## What the task requires
Each line in the data must be reproduced as written, except for any picture.

## Input data

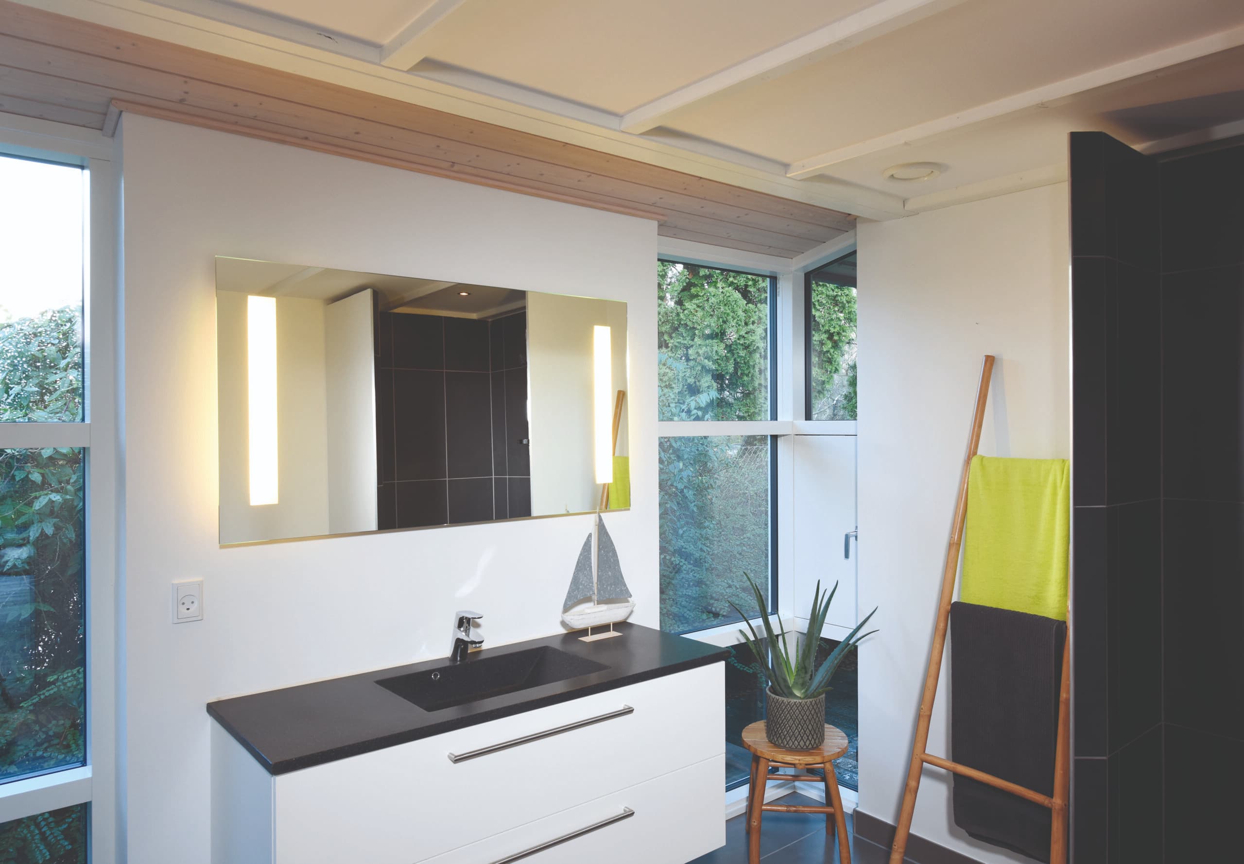 • Badeværelser monteret med skuffer, spejl med integreret lys, klinker med gulvvarme
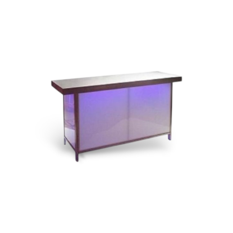 Klapbuffet met RVS blad en LED-verlichting huren? Modern, opvouwbaar buffet voor foodstations, drankopstellingen of presentaties. Inclusief op- en afbouw. Levering in Haarlem & de Randstad.
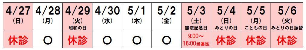 ゴールデンウィーク期間の診療日のご案内

## Answer box
 • Badeværelser monteret med skuffer, spejl med integreret lys, klinker med gulvvarme
 Klapbuffet met RVS blad en LED-verlichting huren? Modern, opvouwbaar buffet voor foodstations, drankopstellingen of presentaties. Inclusief op- en afbouw. Levering in Haarlem & de Randstad.
 ゴールデンウィーク期間の診療日のご案内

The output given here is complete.